> [What is being asked]:
Nothing outside the range is to be copied. From the entries below, reproduce exactly the lines starting at the one with "5月22日,湖北宜昌三峡国际机场工作人员为一架到达的客机接入桥载电源。" and ending at the one with "Дом Oniks - это", without pictures.

> [Given data]:
· · · · · · ·
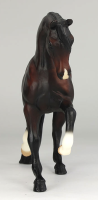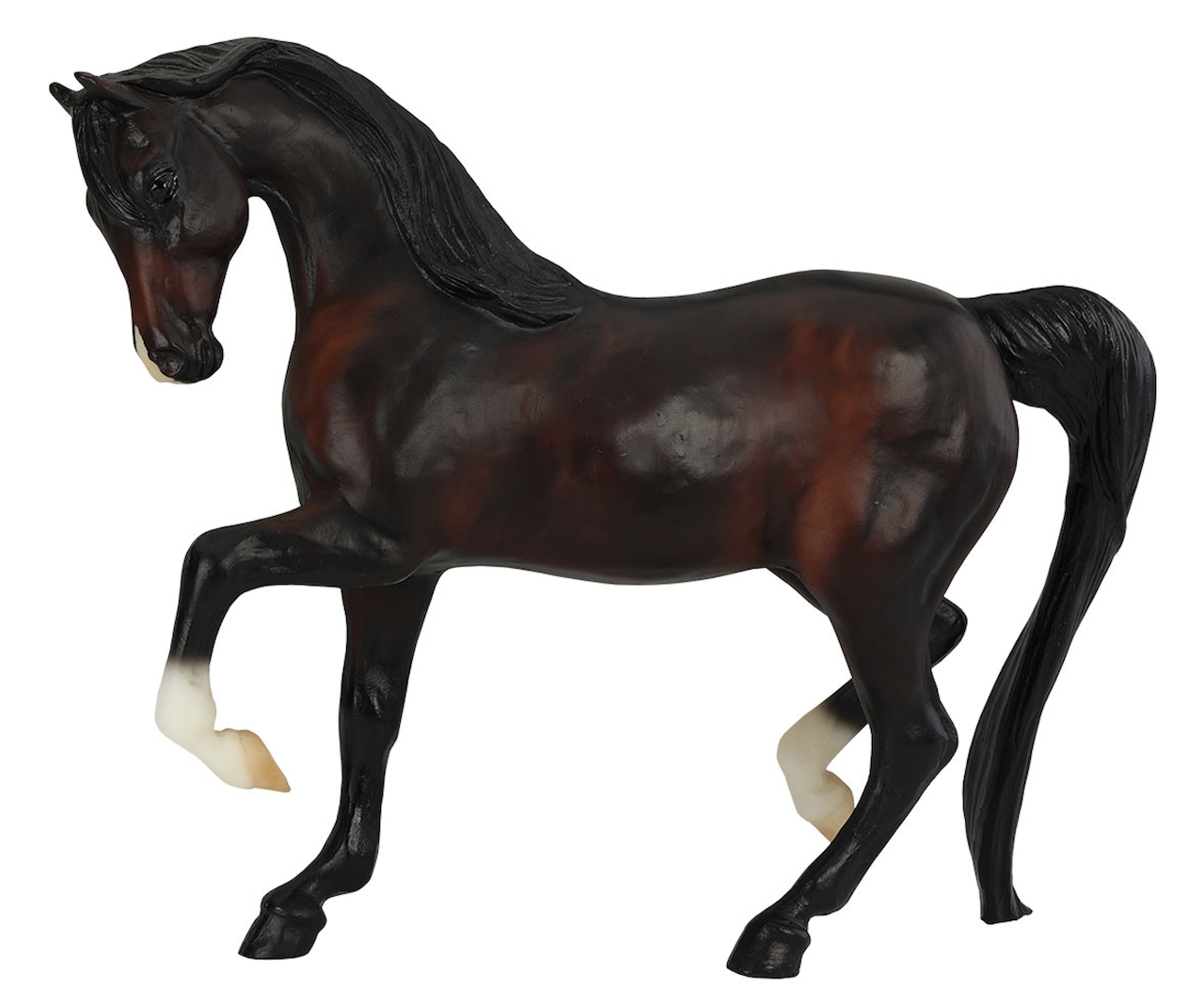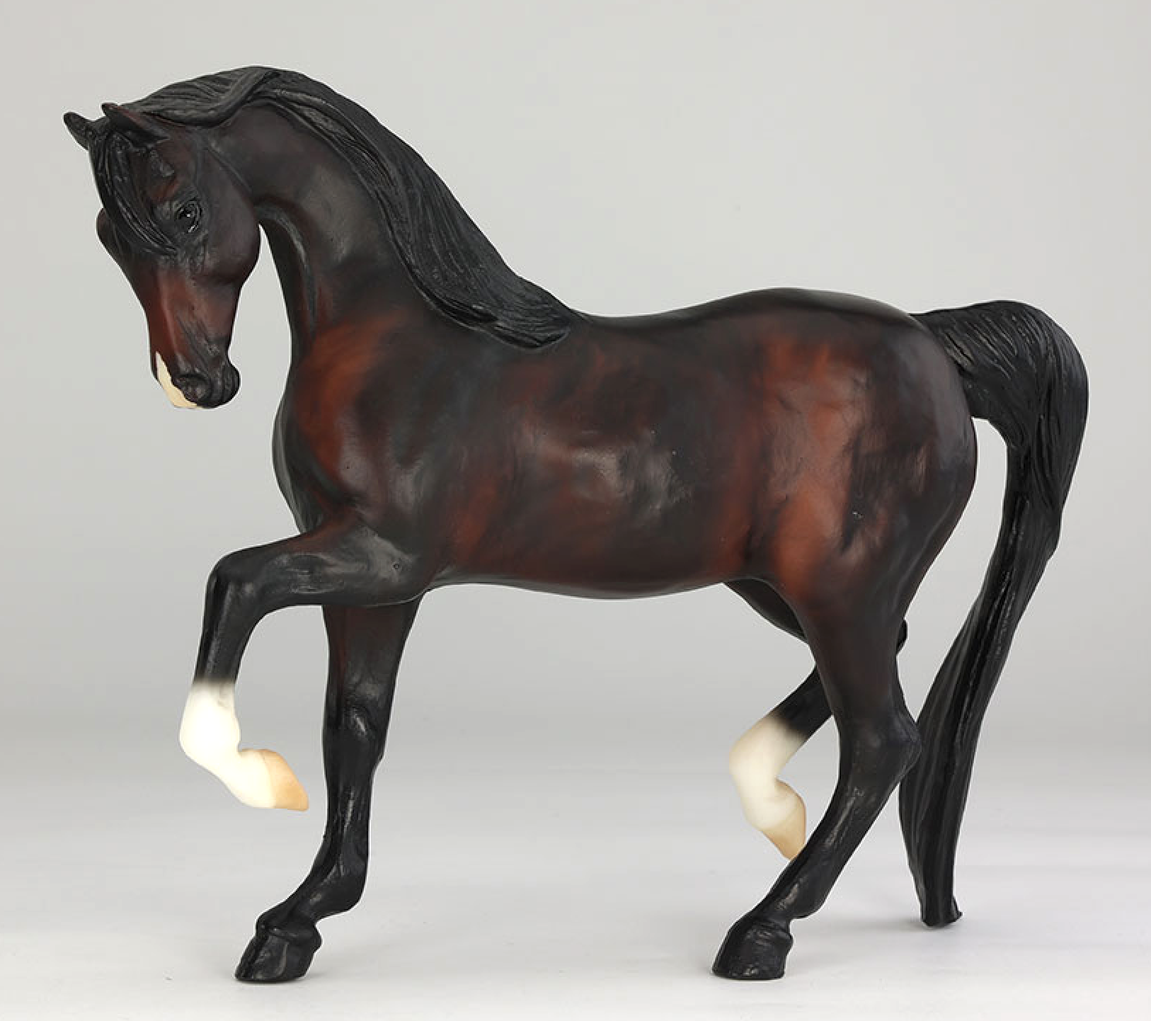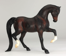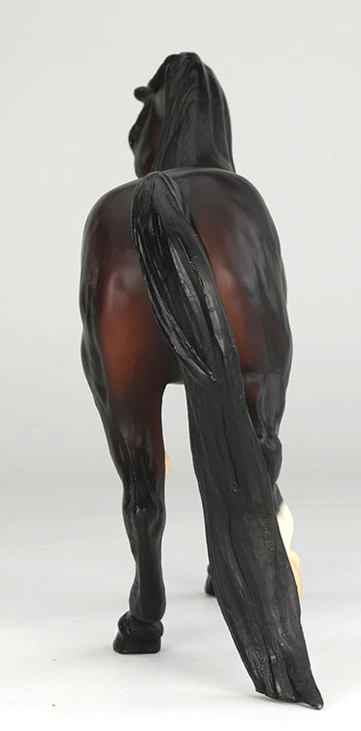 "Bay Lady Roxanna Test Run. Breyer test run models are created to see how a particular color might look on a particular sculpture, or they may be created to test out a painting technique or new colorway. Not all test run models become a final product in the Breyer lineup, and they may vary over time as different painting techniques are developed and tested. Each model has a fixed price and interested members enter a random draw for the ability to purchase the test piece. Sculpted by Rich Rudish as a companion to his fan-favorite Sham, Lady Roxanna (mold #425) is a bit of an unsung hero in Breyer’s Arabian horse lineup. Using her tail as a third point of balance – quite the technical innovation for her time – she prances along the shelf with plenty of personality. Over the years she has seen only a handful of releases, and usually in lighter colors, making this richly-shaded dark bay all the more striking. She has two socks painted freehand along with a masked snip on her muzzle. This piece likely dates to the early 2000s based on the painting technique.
· · · · · · ·
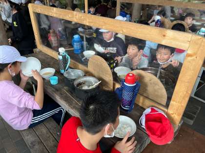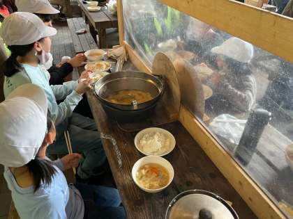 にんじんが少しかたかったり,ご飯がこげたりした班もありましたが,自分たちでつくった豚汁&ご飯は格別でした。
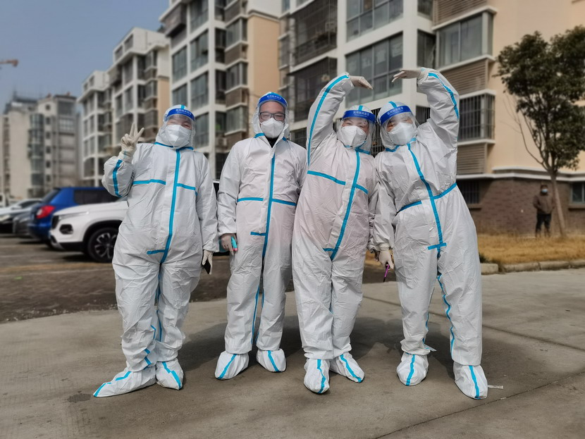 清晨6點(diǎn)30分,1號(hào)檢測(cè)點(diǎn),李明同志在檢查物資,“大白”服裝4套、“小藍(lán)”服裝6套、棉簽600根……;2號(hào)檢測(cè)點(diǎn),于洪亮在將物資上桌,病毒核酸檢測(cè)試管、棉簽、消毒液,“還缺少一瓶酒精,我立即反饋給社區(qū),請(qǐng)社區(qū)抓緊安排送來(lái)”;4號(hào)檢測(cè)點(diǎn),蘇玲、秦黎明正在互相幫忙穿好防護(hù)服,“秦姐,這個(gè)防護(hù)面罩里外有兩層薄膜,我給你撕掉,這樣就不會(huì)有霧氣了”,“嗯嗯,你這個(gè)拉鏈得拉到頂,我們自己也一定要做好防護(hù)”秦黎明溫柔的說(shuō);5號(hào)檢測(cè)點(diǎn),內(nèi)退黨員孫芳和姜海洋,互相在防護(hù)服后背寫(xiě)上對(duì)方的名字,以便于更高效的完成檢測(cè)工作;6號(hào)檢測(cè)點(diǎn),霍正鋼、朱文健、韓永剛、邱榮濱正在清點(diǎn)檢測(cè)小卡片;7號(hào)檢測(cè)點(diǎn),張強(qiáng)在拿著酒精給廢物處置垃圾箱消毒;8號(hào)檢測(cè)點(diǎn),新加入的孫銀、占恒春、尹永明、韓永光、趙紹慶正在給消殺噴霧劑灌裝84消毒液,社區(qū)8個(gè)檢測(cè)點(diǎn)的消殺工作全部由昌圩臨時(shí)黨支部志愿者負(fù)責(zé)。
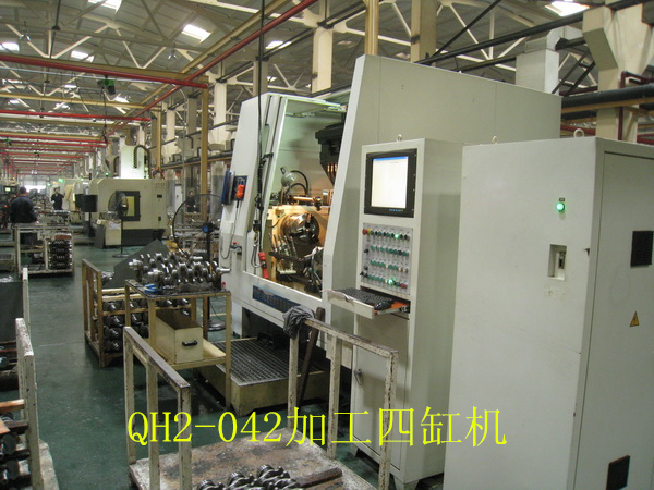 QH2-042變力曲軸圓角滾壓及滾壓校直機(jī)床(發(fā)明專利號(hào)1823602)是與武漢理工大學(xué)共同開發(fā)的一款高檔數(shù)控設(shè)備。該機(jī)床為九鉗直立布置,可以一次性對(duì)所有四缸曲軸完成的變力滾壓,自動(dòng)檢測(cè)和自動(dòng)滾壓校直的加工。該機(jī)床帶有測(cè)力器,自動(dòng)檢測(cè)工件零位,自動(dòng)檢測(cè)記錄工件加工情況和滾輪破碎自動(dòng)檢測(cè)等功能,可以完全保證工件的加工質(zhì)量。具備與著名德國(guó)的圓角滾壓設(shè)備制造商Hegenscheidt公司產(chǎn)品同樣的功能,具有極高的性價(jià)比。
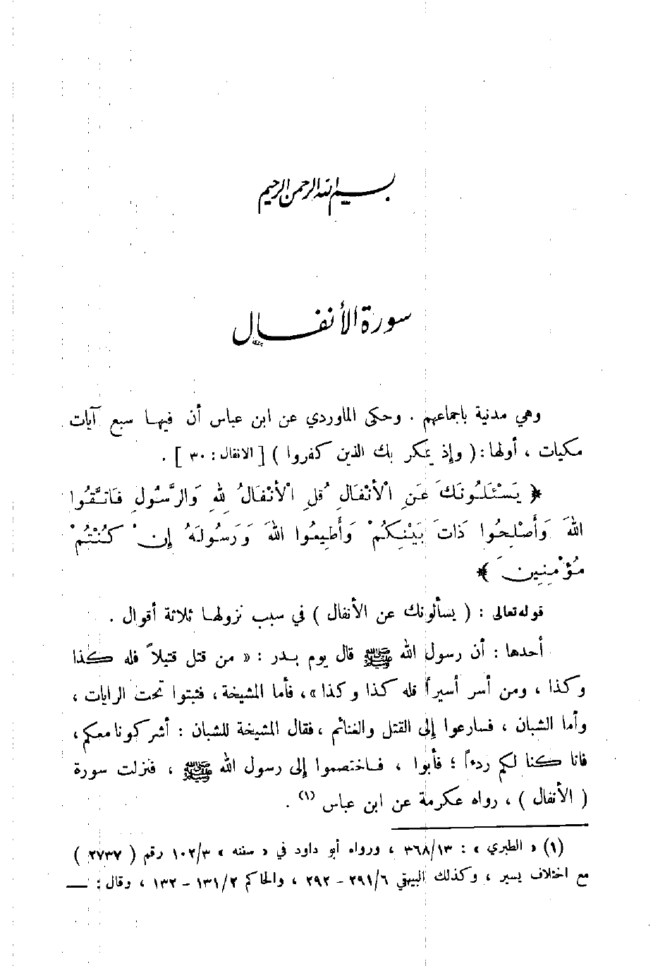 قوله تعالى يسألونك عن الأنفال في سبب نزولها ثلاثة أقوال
· · · · · · ·
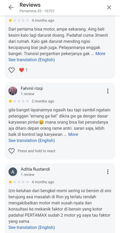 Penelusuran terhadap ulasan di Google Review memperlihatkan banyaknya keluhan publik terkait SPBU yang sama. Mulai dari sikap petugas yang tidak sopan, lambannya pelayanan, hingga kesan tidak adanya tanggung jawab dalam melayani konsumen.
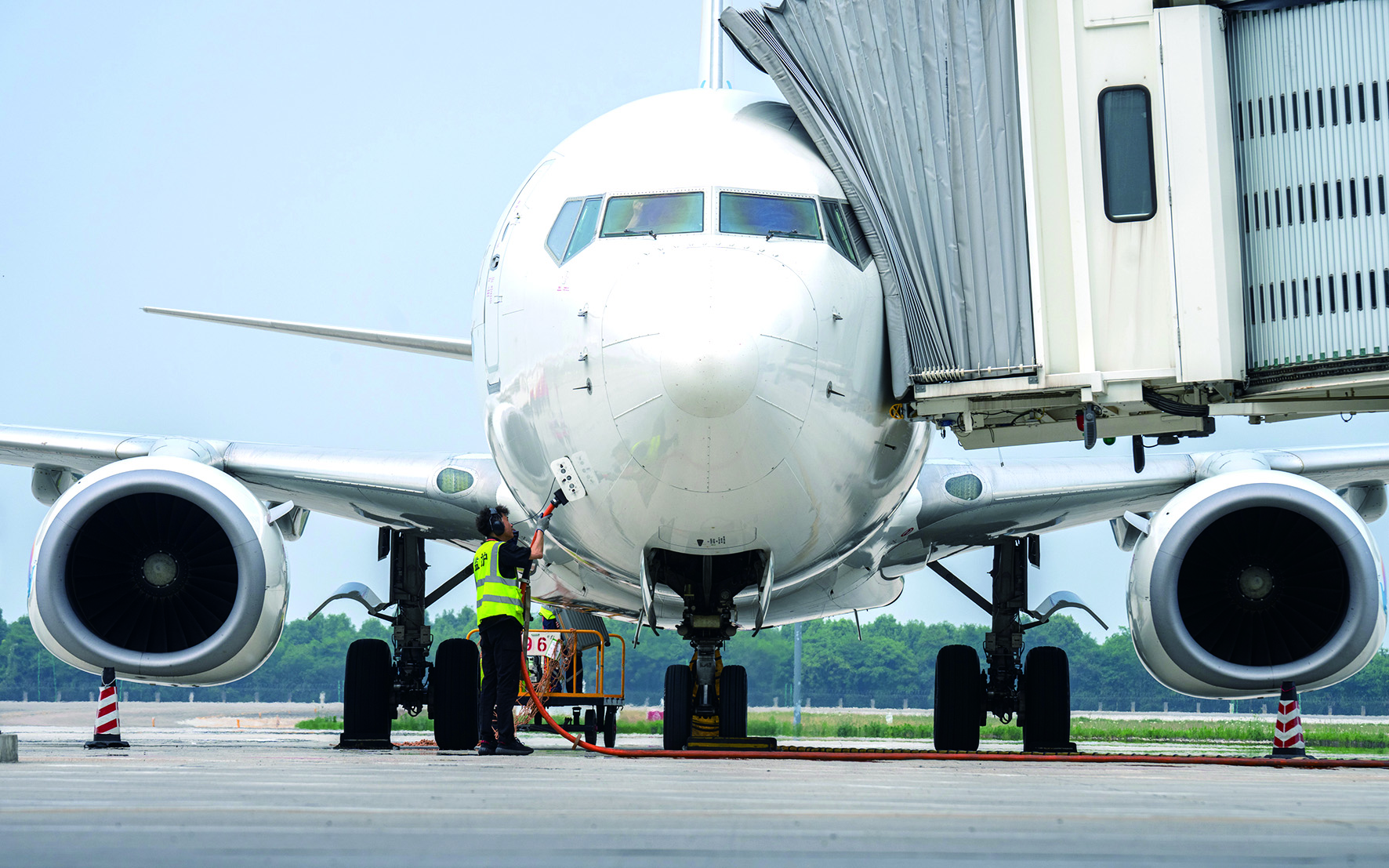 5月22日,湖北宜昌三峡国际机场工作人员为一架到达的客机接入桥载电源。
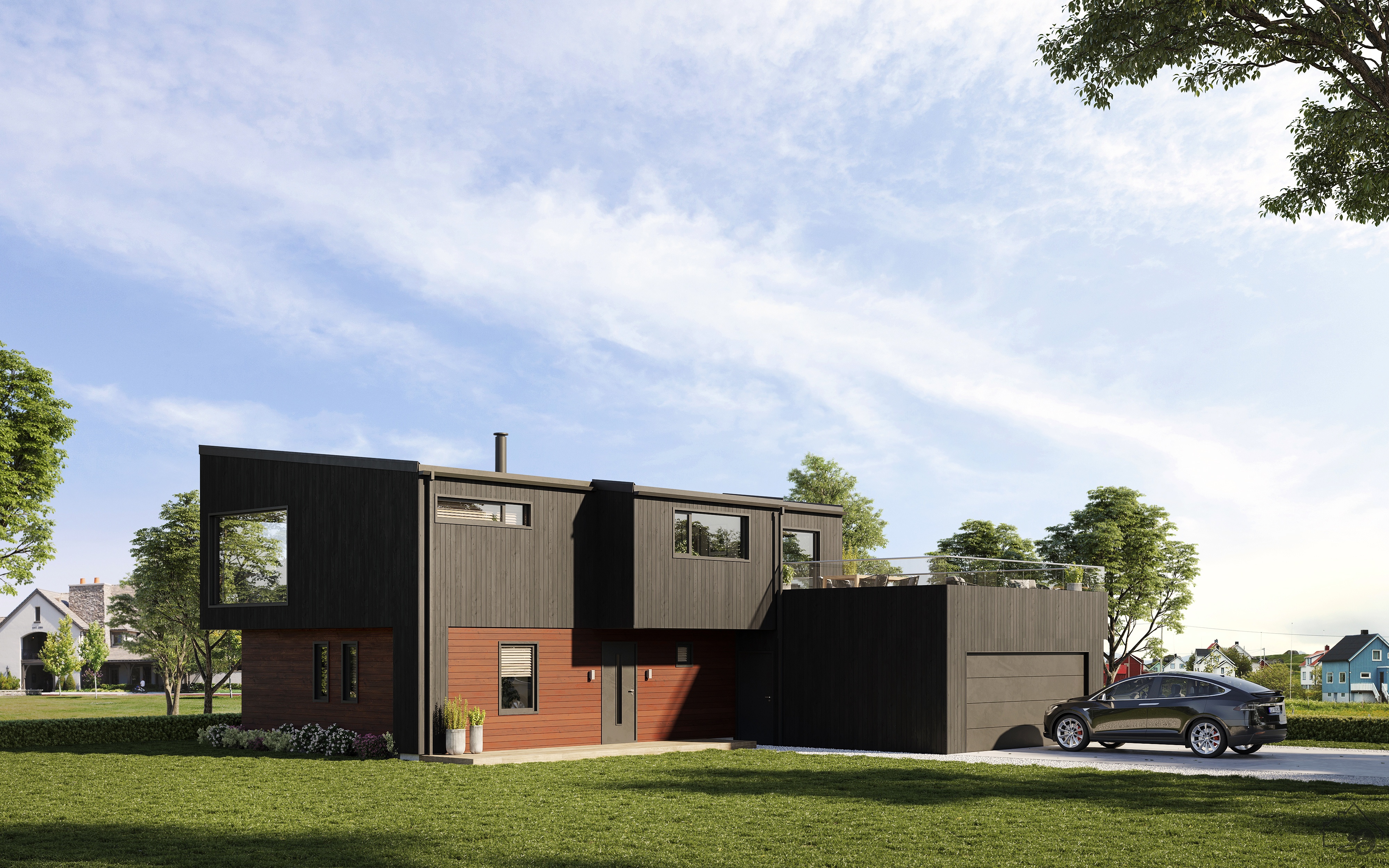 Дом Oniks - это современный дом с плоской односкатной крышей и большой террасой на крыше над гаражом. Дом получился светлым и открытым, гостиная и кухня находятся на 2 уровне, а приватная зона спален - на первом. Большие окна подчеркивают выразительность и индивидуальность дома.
· · · · · · ·
> [Exercise output]:
 5月22日,湖北宜昌三峡国际机场工作人员为一架到达的客机接入桥载电源。
 Дом Oniks - это современный дом с плоской односкатной крышей и большой террасой на крыше над гаражом. Дом получился светлым и открытым, гостиная и кухня находятся на 2 уровне, а приватная зона спален - на первом. Большие окна подчеркивают выразительность и индивидуальность дома.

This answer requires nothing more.